■ Instructions for the task: Please retype the data below line for line and leave out every picture.

■ Material provided:
◇ ◇ ◇
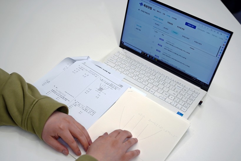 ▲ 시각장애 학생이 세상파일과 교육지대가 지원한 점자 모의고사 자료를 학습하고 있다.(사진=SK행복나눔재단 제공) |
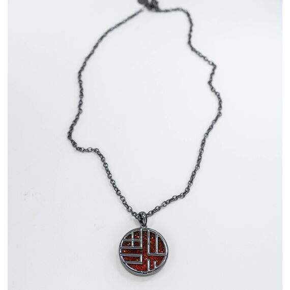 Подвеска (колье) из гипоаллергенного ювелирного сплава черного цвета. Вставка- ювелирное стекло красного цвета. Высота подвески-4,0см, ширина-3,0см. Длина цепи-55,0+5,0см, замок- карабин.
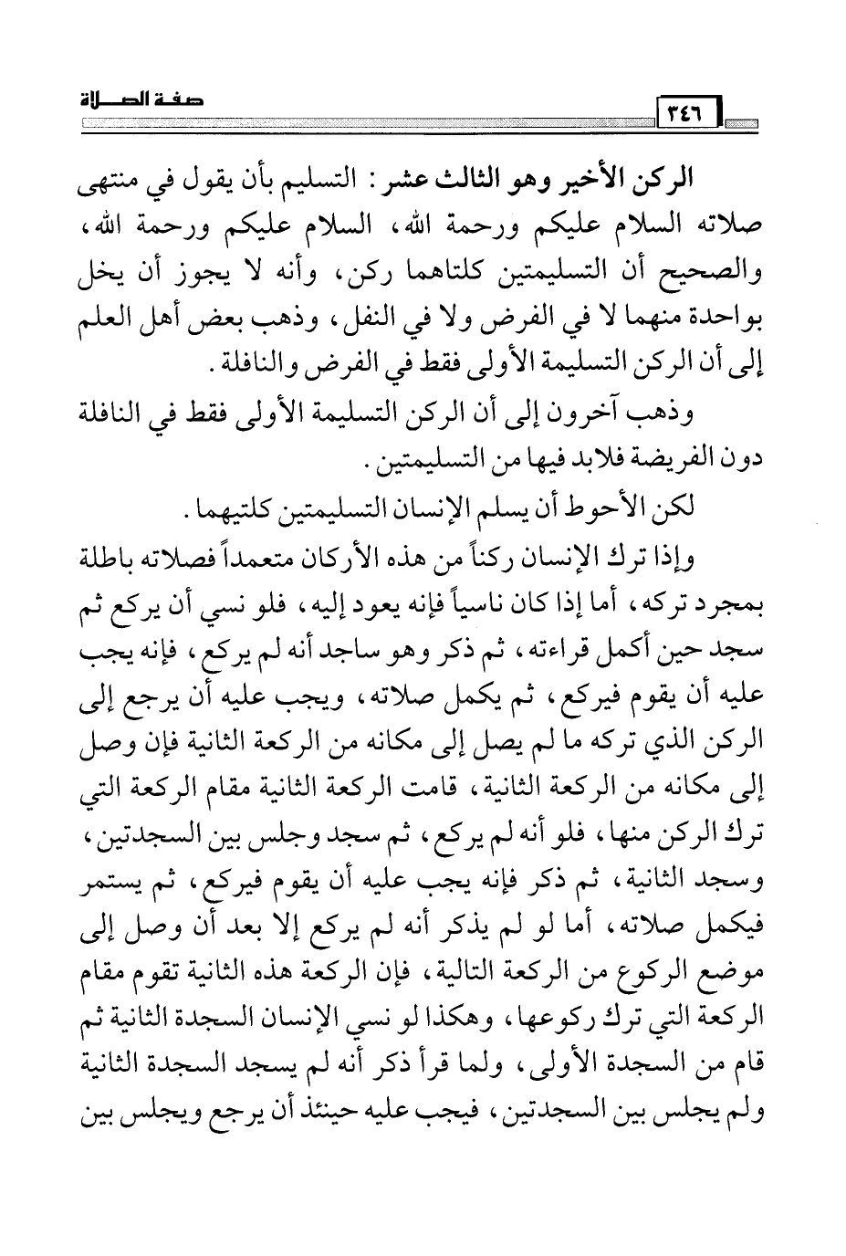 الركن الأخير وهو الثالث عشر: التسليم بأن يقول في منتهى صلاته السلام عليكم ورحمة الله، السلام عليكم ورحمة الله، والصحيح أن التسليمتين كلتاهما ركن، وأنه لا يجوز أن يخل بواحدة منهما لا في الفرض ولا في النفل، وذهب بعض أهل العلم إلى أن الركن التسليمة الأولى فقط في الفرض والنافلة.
◇ ◇ ◇
■ Reply to the exercise:
 ▲ 시각장애 학생이 세상파일과 교육지대가 지원한 점자 모의고사 자료를 학습하고 있다.(사진=SK행복나눔재단 제공) |
 Подвеска (колье) из гипоаллергенного ювелирного сплава черного цвета. Вставка- ювелирное стекло красного цвета. Высота подвески-4,0см, ширина-3,0см. Длина цепи-55,0+5,0см, замок- карабин.
 الركن الأخير وهو الثالث عشر: التسليم بأن يقول في منتهى صلاته السلام عليكم ورحمة الله، السلام عليكم ورحمة الله، والصحيح أن التسليمتين كلتاهما ركن، وأنه لا يجوز أن يخل بواحدة منهما لا في الفرض ولا في النفل، وذهب بعض أهل العلم إلى أن الركن التسليمة الأولى فقط في الفرض والنافلة.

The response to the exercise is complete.